Commit. An interesting word. Commit to memory. Commit suicide. We had him committed. I am going to commit to writing a blog. Yes, an interesting word.
Let’s look at one definition, “to bind or obligate, as by pledge or assurance; pledge: to commit oneself to a promise; to be committed to a course of action.” I like this definition because it includes the word action. To bind myself to a course of action. So, I say I am going to do something (writing a blog) and then I stay the course of action (I continue writing the blog). I give my word and take action. However, the definition implies more than that. I not only give my word and take action, I bind myself to that action. Almost as if I am locking myself up (committing myself) with that action so I cannot escape.
How does commit differ from integrity? If I define integrity as simply honoring your word, doing what you say you are going to do, how does that differ from our definition of commit? If I honored my word 100% of the time would there be a reason the word commit?

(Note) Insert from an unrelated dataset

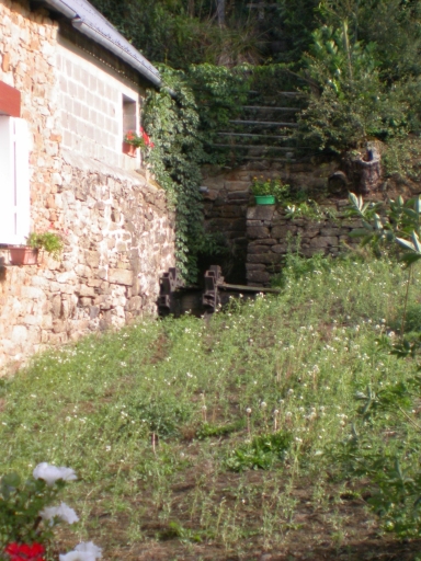 Le moulin, façade postérieure est et vue de l'ancien coursier comprenant encore l'arbre de la roue hydraulique.Immatriculation

In my view, it seems as if I commit to something if I know it will be difficult to honor my word to or if I have not been able to honor my word to this in the past. For example, things that people would commit to: marriage, exercising, quitting smoking, writing, eating healthy etc. It would be weird to hear a kid say they were committing to playing video games, or watching tv, or hanging out with friends. We don’t say we are going to commit to something if we know we are going to do it. Maybe it’s implied or maybe the intention isn’t necessary. What lies in the difference?
What is the difference for you? Where do you need commitment? Where do you not?